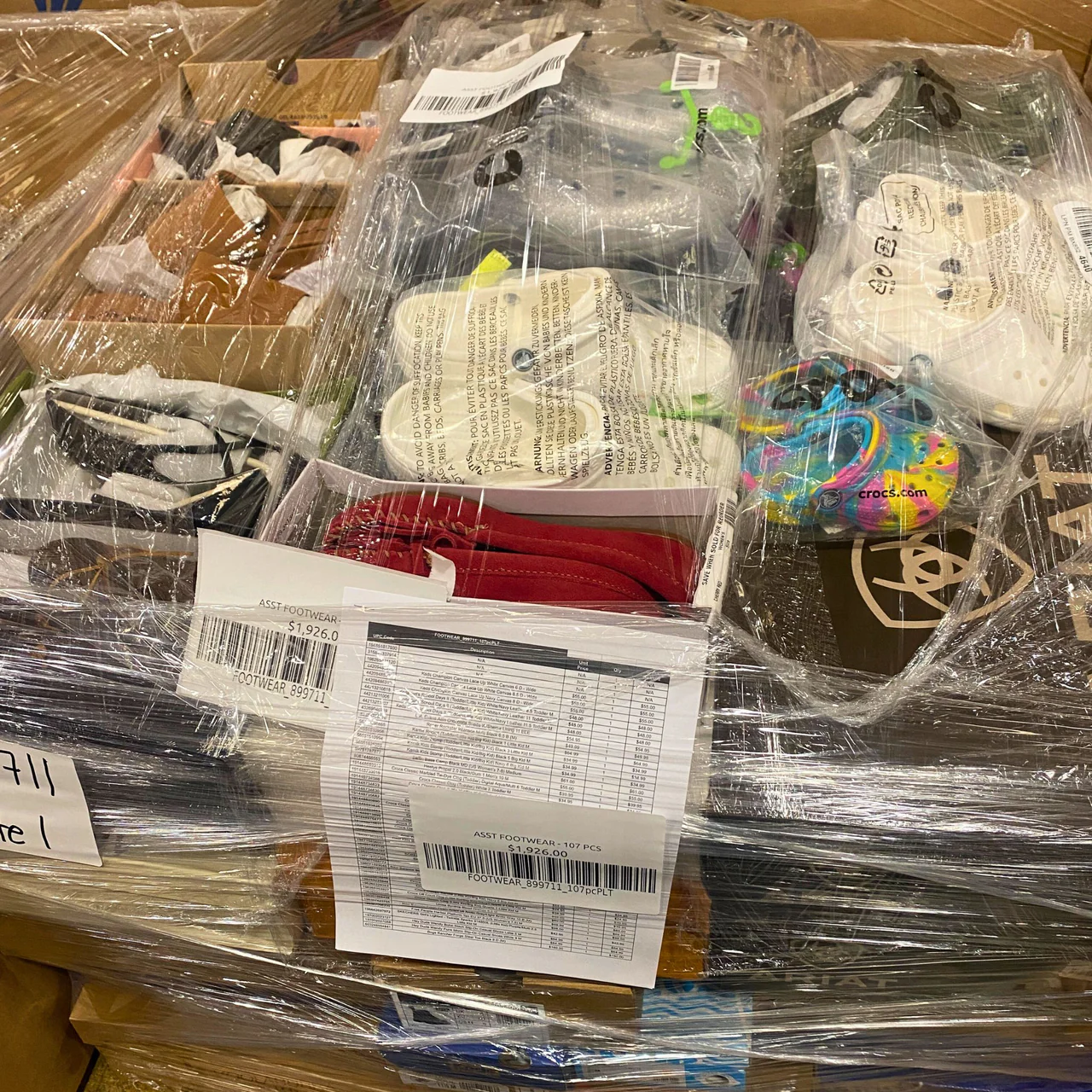 The shoes pallet consist of all brands of shoes in and sizes which comes 107 pieces per pallet. Perfect for online resell $1400, bin stores, and discount shops , this manifested pallet offers high value at an unbeatable price. Sold as-is, no returns accepted, but you can buy with confidence from a reputable company with excellent reviews.
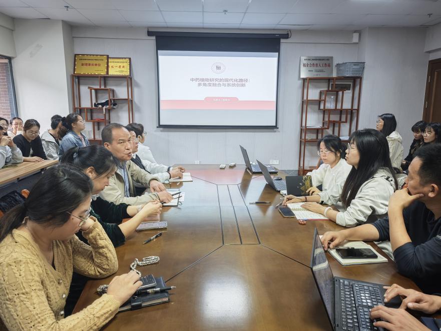 2025年12月19日,阮效先博士給全院教師做了一場主題為“中藥植物研究的現(xiàn)代化路徑:多角度融合與系統(tǒng)創(chuàng)新”的學(xué)術(shù)報告。
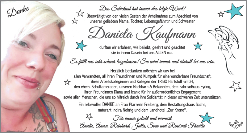 Hier finden Sie alle Traueranzeigen aus der Zeitung, die bisher für Daniela Kaufmann erschienen sind. Weitere Traueranzeigen, die in der Zeitung erscheinen, werden hier ebenfalls aufgelistet
::::
● Assigned task: Would you give the material back exactly, minus the pictures?

● Reply:
 The shoes pallet consist of all brands of shoes in and sizes which comes 107 pieces per pallet. Perfect for online resell $1400, bin stores, and discount shops , this manifested pallet offers high value at an unbeatable price. Sold as-is, no returns accepted, but you can buy with confidence from a reputable company with excellent reviews.
 2025年12月19日,阮效先博士給全院教師做了一場主題為“中藥植物研究的現(xiàn)代化路徑:多角度融合與系統(tǒng)創(chuàng)新”的學(xué)術(shù)報告。
 Hier finden Sie alle Traueranzeigen aus der Zeitung, die bisher für Daniela Kaufmann erschienen sind. Weitere Traueranzeigen, die in der Zeitung erscheinen, werden hier ebenfalls aufgelistet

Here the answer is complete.